People with CD4 counts above 500 have a lower risk of developing a range of the most common cancers, according to a study published October 8 in Lancet Oncology and reported by aidsmap. These data, the researchers suggest, lend weight to arguments that HIV treatment should be started earlier than current U.S. guidelines recommend.

Researchers have long known that certain AIDS-defining cancers, such as Kaposi’s sarcoma and non-Hodgkin’s lymphoma, are more likely to occur when CD4 cell counts are less than 200. More recently, however, a host of non-AIDS-related cancers—such as anal cancer and liver cancer—have become more common in people with HIV, frequently occurring at higher CD4 counts.

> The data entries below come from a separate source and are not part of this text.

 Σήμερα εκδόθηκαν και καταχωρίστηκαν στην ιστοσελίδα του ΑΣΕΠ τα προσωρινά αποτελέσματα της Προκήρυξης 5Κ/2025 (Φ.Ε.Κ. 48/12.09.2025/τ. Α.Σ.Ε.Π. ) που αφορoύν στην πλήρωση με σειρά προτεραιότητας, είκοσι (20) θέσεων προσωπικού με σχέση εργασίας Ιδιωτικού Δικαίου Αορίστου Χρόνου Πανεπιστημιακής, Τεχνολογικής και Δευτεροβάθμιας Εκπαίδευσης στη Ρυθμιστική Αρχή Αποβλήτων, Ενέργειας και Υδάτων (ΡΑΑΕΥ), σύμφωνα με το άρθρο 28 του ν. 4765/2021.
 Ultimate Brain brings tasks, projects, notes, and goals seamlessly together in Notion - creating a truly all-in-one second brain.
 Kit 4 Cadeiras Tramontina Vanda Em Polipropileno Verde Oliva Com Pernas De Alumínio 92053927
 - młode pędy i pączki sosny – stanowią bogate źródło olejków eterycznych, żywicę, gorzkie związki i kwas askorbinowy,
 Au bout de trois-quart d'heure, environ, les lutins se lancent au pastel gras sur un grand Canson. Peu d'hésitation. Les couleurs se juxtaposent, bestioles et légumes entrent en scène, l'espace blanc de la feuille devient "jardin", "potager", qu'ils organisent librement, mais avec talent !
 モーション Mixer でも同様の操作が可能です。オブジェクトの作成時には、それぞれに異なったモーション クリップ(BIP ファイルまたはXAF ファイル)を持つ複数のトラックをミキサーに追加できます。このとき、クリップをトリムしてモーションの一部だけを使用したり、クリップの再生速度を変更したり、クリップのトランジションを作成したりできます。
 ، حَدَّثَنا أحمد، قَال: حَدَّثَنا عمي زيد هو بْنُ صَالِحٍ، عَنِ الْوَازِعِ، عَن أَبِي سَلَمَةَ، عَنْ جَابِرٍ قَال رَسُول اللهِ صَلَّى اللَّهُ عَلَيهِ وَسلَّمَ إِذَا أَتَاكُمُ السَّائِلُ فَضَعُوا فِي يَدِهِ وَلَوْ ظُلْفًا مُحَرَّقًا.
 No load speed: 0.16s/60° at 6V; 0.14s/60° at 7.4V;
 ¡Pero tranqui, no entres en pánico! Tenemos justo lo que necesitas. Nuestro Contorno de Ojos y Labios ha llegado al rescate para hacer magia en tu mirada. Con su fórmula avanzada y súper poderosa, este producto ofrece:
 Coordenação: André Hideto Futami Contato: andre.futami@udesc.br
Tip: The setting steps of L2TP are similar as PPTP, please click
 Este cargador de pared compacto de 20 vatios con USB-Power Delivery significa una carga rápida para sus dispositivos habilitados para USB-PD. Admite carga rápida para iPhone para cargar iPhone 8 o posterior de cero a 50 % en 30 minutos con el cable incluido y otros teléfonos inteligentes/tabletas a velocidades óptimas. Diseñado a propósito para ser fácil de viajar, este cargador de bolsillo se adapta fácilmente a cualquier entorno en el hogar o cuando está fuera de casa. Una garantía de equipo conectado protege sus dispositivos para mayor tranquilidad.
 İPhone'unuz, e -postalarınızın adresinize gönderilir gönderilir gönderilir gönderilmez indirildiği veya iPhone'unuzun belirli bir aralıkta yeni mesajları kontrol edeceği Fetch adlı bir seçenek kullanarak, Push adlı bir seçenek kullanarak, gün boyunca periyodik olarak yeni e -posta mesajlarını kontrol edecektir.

To determine the role that CD4 counts, viral load and antiretroviral (ARV) therapy play in the risk for developing seven of the most frequently diagnosed cancers in people with HIV, Marguerite Guiguet, PhD, from the Institut National de la Santé et de la Recherche Médicale (INSERM) in Paris, and her colleagues examined the medical records of 52,278 HIV-positive patients enrolled in the French Hospital Database on HIV infection (FHDH) ANRS CO4 cohort study.

The data were collected between 1998 and 2006. Kaposi’s sarcoma was the most frequently diagnosed cancer, followed by non-Hodgkin’s lymphoma and then lung cancer. Also explored were rates of anal cancer, cervical cancer, liver cancer and Hodgkin’s lymphoma.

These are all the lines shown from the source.